TASK STATEMENT → For the listing below, the answer is an exact retyping of the lines from the one with "왼쪽으로는 길게 뻗은 카운터석을 따라 책꽂이가 같이 뻗어 나갑니다." through the one with "국세청은 이미 9월 30일부터", both included, without pictures.

DATA FOR THE TASK →

···

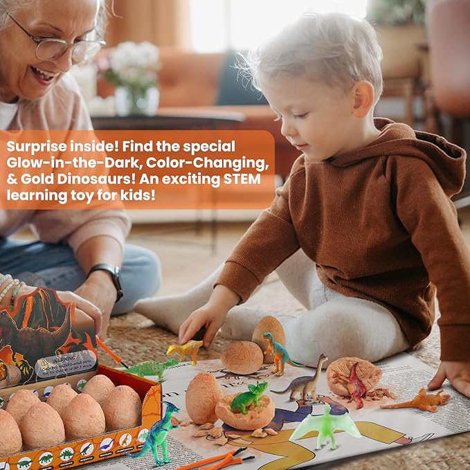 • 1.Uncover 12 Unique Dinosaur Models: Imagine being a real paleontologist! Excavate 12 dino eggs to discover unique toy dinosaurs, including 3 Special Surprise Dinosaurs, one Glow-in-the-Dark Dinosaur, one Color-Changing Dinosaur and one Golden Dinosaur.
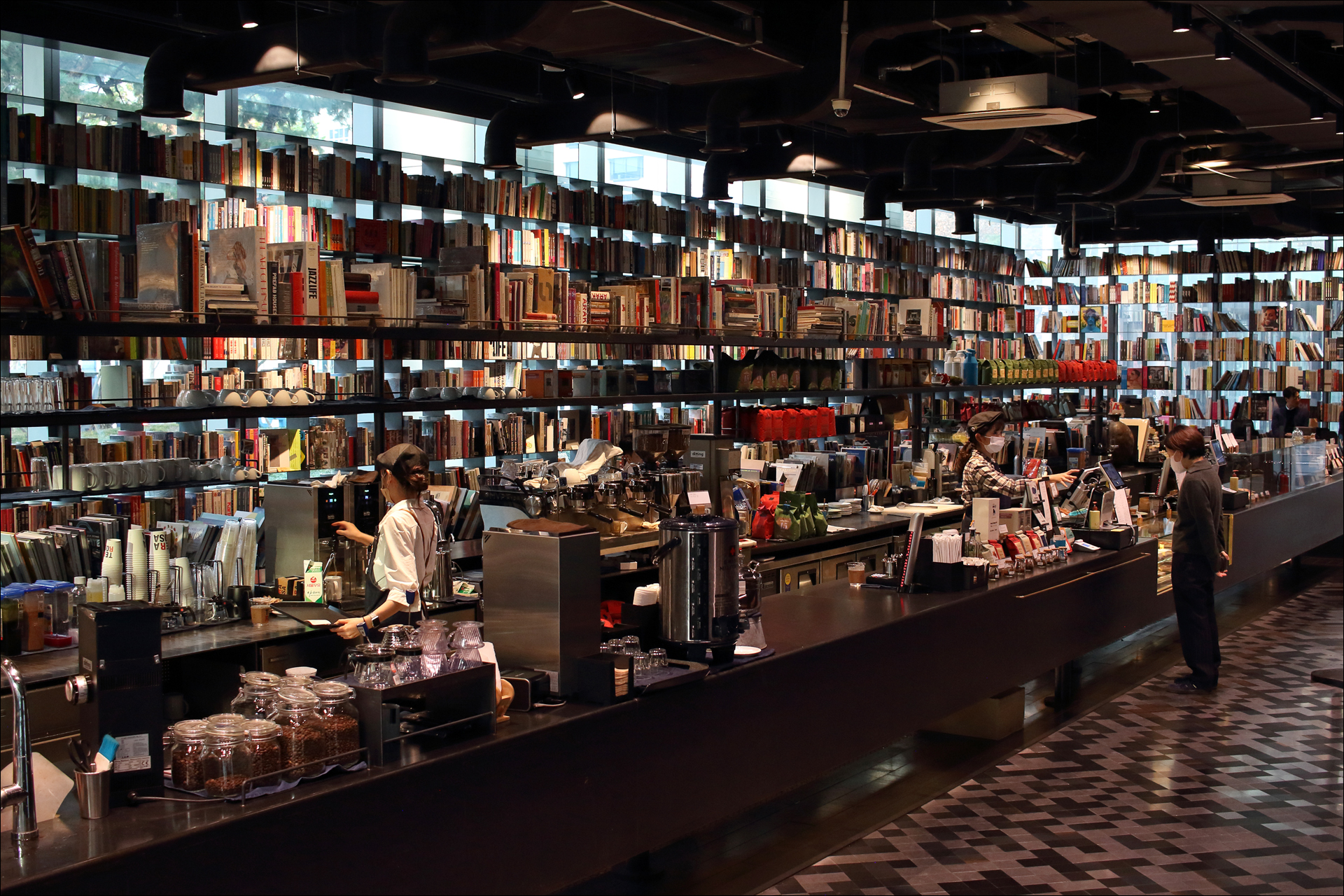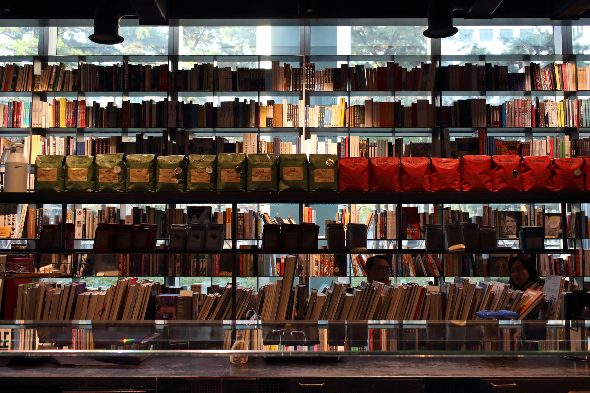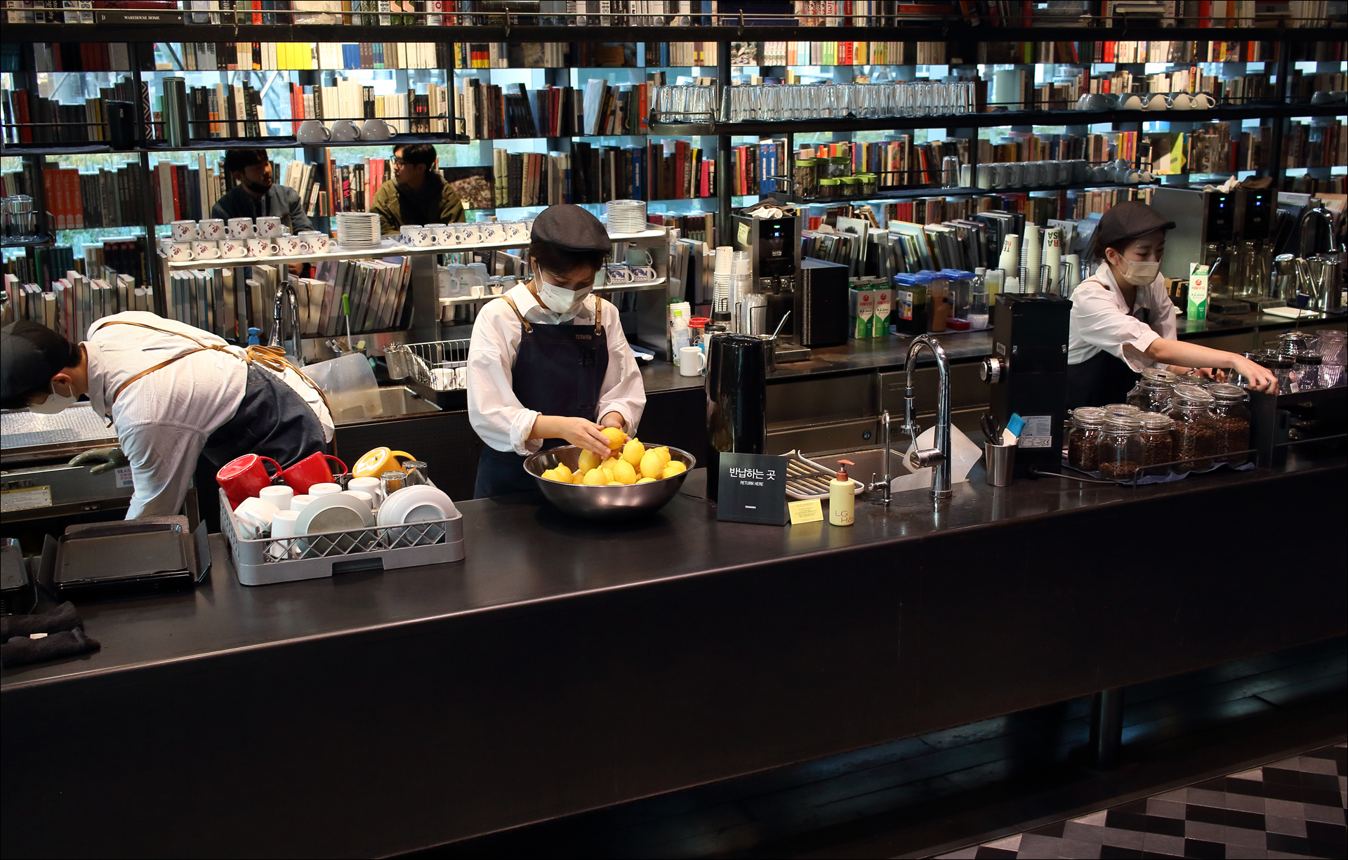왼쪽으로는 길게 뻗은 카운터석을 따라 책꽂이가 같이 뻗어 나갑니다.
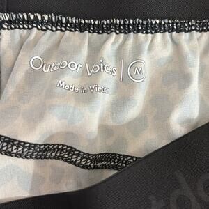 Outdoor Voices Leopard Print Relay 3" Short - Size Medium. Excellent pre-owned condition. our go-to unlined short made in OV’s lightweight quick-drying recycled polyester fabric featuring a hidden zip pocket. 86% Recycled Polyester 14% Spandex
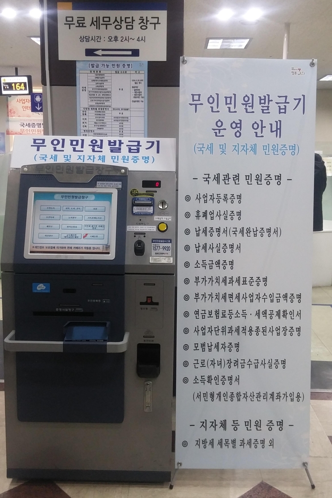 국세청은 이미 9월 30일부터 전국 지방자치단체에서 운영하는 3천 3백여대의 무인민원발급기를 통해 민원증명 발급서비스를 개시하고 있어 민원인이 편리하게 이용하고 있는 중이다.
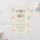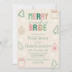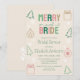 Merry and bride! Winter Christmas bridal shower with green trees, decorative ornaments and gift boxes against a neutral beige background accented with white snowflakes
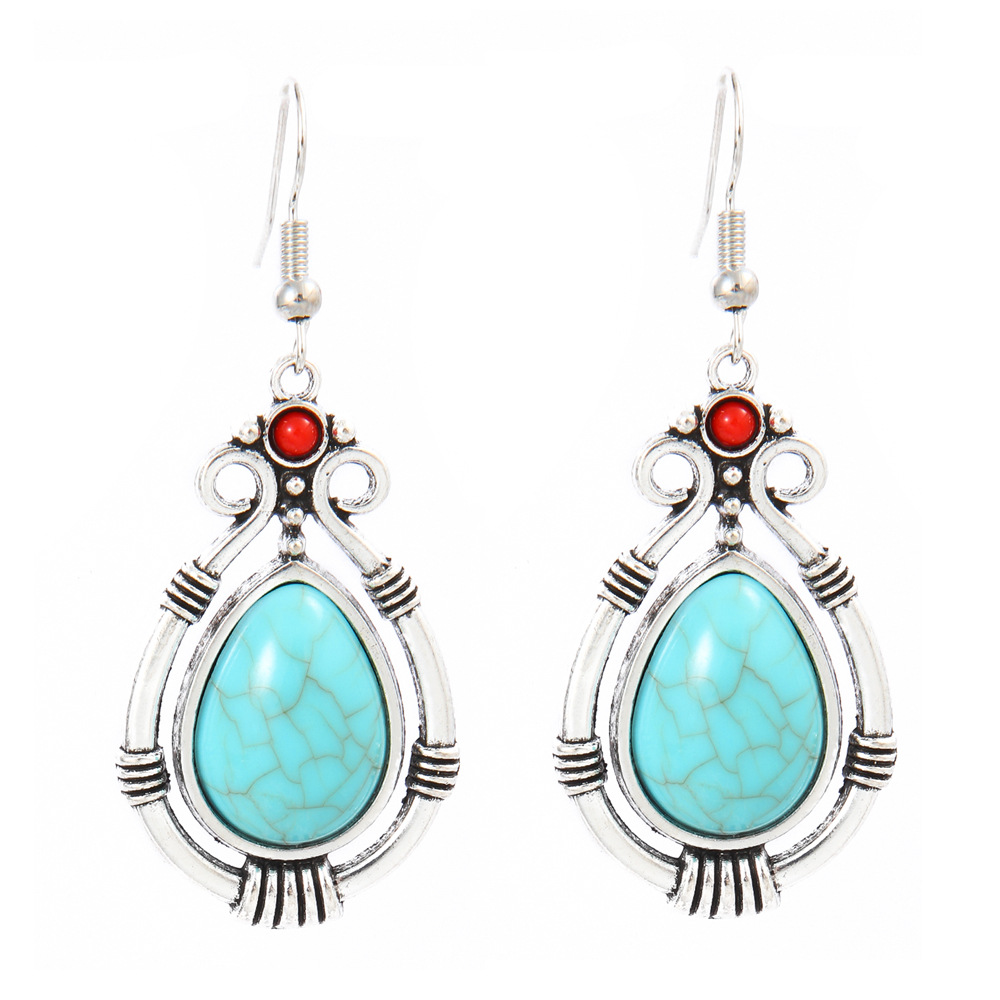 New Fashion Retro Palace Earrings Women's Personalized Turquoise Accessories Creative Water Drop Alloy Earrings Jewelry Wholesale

···

ANSWER BOX →
왼쪽으로는 길게 뻗은 카운터석을 따라 책꽂이가 같이 뻗어 나갑니다.
 Outdoor Voices Leopard Print Relay 3" Short - Size Medium. Excellent pre-owned condition. our go-to unlined short made in OV’s lightweight quick-drying recycled polyester fabric featuring a hidden zip pocket. 86% Recycled Polyester 14% Spandex
 국세청은 이미 9월 30일부터 전국 지방자치단체에서 운영하는 3천 3백여대의 무인민원발급기를 통해 민원증명 발급서비스를 개시하고 있어 민원인이 편리하게 이용하고 있는 중이다.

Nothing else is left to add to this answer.